» **ENTRIES SUPPLIED**:
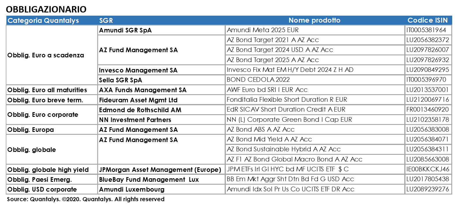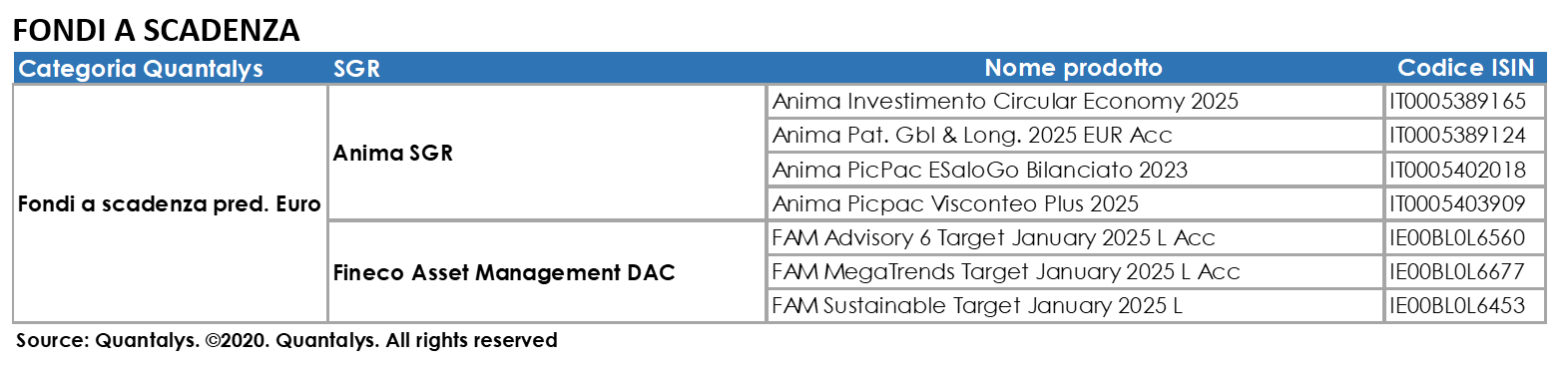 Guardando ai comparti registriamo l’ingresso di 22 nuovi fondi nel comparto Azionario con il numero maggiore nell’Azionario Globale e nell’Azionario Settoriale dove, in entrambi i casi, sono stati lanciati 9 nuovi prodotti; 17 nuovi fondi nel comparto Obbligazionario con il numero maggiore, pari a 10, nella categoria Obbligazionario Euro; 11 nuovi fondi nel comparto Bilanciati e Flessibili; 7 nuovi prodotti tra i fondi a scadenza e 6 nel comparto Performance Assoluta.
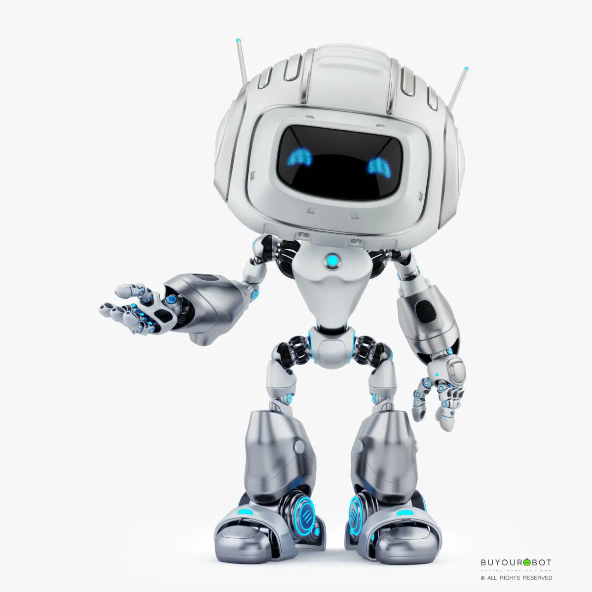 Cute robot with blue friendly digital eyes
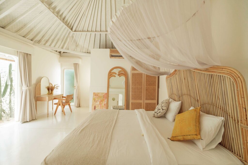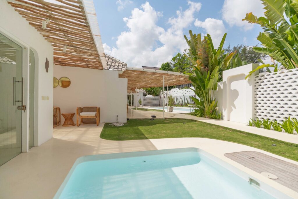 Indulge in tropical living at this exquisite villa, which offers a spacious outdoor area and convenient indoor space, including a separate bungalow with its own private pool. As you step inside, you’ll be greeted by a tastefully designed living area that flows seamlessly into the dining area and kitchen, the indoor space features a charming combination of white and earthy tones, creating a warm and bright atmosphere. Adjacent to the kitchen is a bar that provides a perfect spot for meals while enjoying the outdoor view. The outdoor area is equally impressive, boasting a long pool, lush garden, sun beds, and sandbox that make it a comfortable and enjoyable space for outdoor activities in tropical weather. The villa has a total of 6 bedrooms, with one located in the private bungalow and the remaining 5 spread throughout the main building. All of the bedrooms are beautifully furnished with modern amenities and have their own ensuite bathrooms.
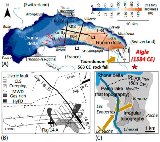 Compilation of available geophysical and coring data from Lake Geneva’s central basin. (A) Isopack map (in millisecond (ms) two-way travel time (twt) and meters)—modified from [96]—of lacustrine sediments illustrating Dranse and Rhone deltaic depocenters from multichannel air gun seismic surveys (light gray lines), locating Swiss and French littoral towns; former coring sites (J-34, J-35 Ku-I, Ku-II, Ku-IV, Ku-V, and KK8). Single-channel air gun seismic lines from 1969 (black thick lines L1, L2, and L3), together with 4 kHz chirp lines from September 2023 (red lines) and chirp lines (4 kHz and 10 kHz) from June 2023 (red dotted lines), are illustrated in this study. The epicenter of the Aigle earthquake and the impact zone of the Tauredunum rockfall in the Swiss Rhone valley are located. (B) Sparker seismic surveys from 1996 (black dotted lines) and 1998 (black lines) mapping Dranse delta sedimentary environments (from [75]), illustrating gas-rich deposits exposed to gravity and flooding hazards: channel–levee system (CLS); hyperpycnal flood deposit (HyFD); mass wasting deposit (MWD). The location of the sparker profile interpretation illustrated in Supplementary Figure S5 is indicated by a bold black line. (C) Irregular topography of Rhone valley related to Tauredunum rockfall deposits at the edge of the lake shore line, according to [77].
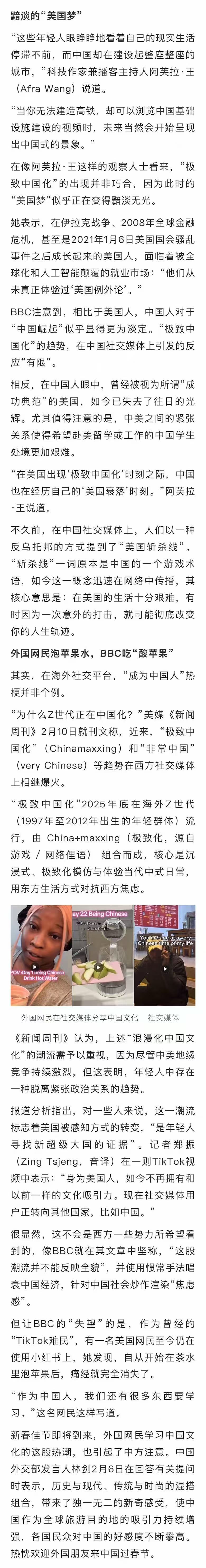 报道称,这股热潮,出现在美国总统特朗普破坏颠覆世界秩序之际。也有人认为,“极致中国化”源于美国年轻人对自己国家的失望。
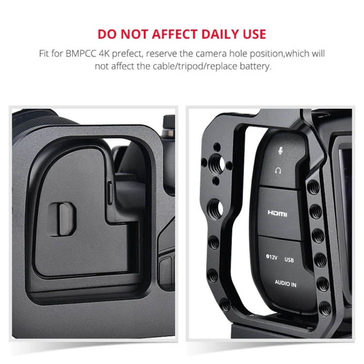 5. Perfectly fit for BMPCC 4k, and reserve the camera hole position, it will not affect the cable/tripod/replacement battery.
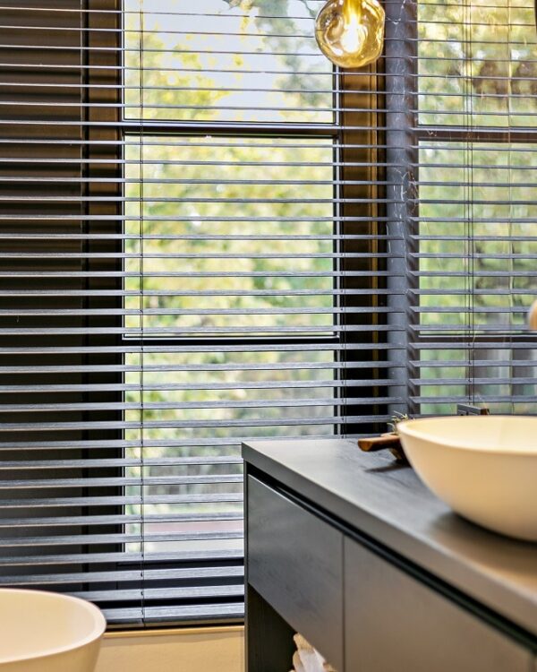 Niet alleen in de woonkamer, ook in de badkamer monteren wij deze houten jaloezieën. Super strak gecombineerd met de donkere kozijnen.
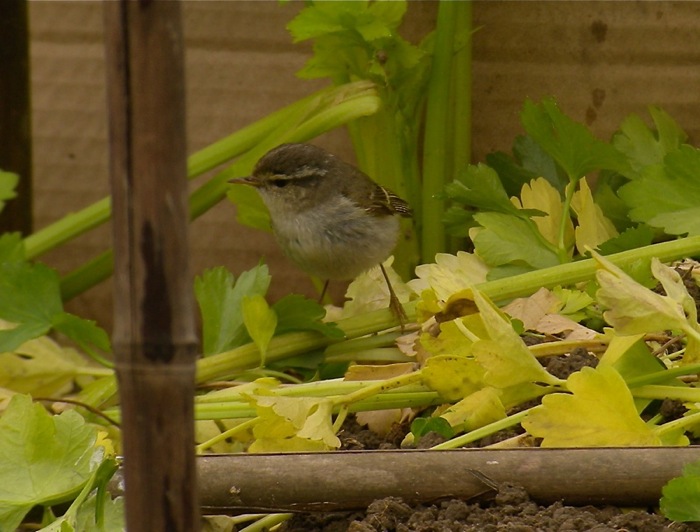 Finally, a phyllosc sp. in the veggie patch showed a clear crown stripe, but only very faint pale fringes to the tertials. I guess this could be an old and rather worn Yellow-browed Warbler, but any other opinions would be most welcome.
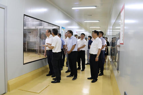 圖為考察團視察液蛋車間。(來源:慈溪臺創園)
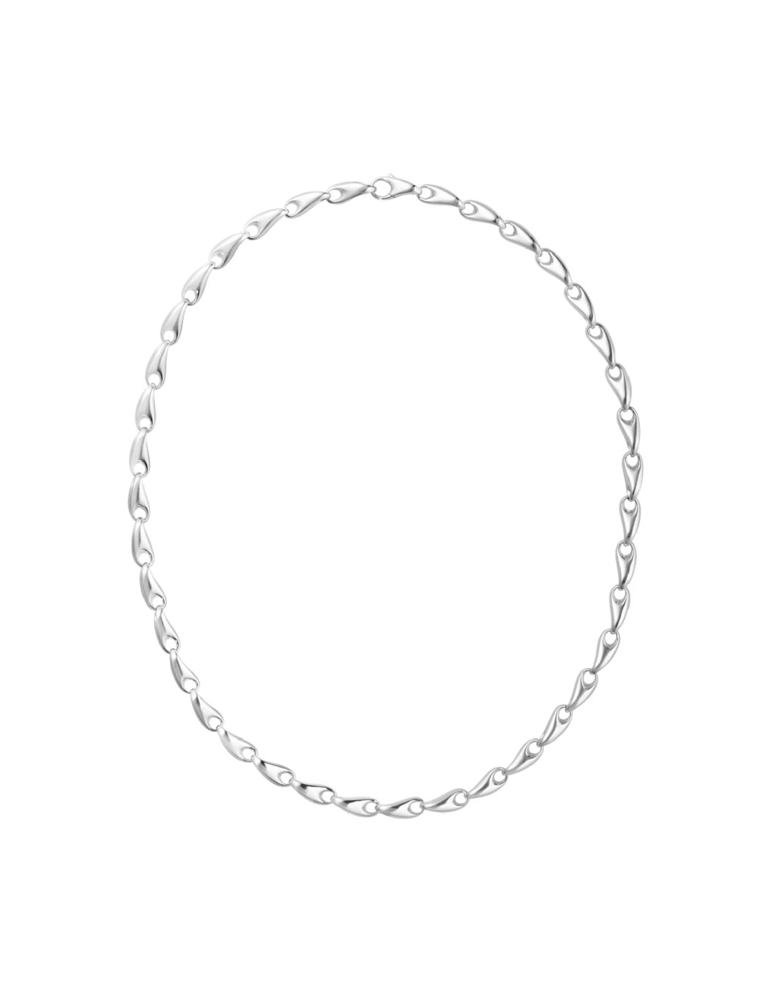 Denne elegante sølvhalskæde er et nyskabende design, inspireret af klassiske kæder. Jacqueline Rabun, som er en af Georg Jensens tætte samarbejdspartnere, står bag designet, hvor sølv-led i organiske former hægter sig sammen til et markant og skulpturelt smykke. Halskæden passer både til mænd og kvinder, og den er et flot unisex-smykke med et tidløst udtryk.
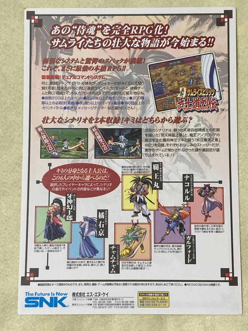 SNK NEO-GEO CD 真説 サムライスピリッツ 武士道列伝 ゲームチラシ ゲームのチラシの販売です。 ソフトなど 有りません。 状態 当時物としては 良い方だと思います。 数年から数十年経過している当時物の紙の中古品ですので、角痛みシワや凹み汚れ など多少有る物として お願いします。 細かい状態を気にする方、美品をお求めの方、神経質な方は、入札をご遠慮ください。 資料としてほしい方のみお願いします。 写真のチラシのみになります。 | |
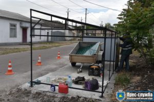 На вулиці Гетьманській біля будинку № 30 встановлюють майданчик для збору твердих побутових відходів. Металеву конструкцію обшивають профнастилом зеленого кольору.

» **WHAT TO WORK ON**:
All entries above are to be reproduced exactly, with no pictures.

» **ANSWER FOR THE TASK**:
 Guardando ai comparti registriamo l’ingresso di 22 nuovi fondi nel comparto Azionario con il numero maggiore nell’Azionario Globale e nell’Azionario Settoriale dove, in entrambi i casi, sono stati lanciati 9 nuovi prodotti; 17 nuovi fondi nel comparto Obbligazionario con il numero maggiore, pari a 10, nella categoria Obbligazionario Euro; 11 nuovi fondi nel comparto Bilanciati e Flessibili; 7 nuovi prodotti tra i fondi a scadenza e 6 nel comparto Performance Assoluta.
 Cute robot with blue friendly digital eyes
 Indulge in tropical living at this exquisite villa, which offers a spacious outdoor area and convenient indoor space, including a separate bungalow with its own private pool. As you step inside, you’ll be greeted by a tastefully designed living area that flows seamlessly into the dining area and kitchen, the indoor space features a charming combination of white and earthy tones, creating a warm and bright atmosphere. Adjacent to the kitchen is a bar that provides a perfect spot for meals while enjoying the outdoor view. The outdoor area is equally impressive, boasting a long pool, lush garden, sun beds, and sandbox that make it a comfortable and enjoyable space for outdoor activities in tropical weather. The villa has a total of 6 bedrooms, with one located in the private bungalow and the remaining 5 spread throughout the main building. All of the bedrooms are beautifully furnished with modern amenities and have their own ensuite bathrooms.
 Compilation of available geophysical and coring data from Lake Geneva’s central basin. (A) Isopack map (in millisecond (ms) two-way travel time (twt) and meters)—modified from [96]—of lacustrine sediments illustrating Dranse and Rhone deltaic depocenters from multichannel air gun seismic surveys (light gray lines), locating Swiss and French littoral towns; former coring sites (J-34, J-35 Ku-I, Ku-II, Ku-IV, Ku-V, and KK8). Single-channel air gun seismic lines from 1969 (black thick lines L1, L2, and L3), together with 4 kHz chirp lines from September 2023 (red lines) and chirp lines (4 kHz and 10 kHz) from June 2023 (red dotted lines), are illustrated in this study. The epicenter of the Aigle earthquake and the impact zone of the Tauredunum rockfall in the Swiss Rhone valley are located. (B) Sparker seismic surveys from 1996 (black dotted lines) and 1998 (black lines) mapping Dranse delta sedimentary environments (from [75]), illustrating gas-rich deposits exposed to gravity and flooding hazards: channel–levee system (CLS); hyperpycnal flood deposit (HyFD); mass wasting deposit (MWD). The location of the sparker profile interpretation illustrated in Supplementary Figure S5 is indicated by a bold black line. (C) Irregular topography of Rhone valley related to Tauredunum rockfall deposits at the edge of the lake shore line, according to [77].
 报道称,这股热潮,出现在美国总统特朗普破坏颠覆世界秩序之际。也有人认为,“极致中国化”源于美国年轻人对自己国家的失望。
 5. Perfectly fit for BMPCC 4k, and reserve the camera hole position, it will not affect the cable/tripod/replacement battery.
 Niet alleen in de woonkamer, ook in de badkamer monteren wij deze houten jaloezieën. Super strak gecombineerd met de donkere kozijnen.
 Finally, a phyllosc sp. in the veggie patch showed a clear crown stripe, but only very faint pale fringes to the tertials. I guess this could be an old and rather worn Yellow-browed Warbler, but any other opinions would be most welcome.
 圖為考察團視察液蛋車間。(來源:慈溪臺創園)
 Denne elegante sølvhalskæde er et nyskabende design, inspireret af klassiske kæder. Jacqueline Rabun, som er en af Georg Jensens tætte samarbejdspartnere, står bag designet, hvor sølv-led i organiske former hægter sig sammen til et markant og skulpturelt smykke. Halskæden passer både til mænd og kvinder, og den er et flot unisex-smykke med et tidløst udtryk.
 SNK NEO-GEO CD 真説 サムライスピリッツ 武士道列伝 ゲームチラシ ゲームのチラシの販売です。 ソフトなど 有りません。 状態 当時物としては 良い方だと思います。 数年から数十年経過している当時物の紙の中古品ですので、角痛みシワや凹み汚れ など多少有る物として お願いします。 細かい状態を気にする方、美品をお求めの方、神経質な方は、入札をご遠慮ください。 資料としてほしい方のみお願いします。 写真のチラシのみになります。 | |
 На вулиці Гетьманській біля будинку № 30 встановлюють майданчик для збору твердих побутових відходів. Металеву конструкцію обшивають профнастилом зеленого кольору.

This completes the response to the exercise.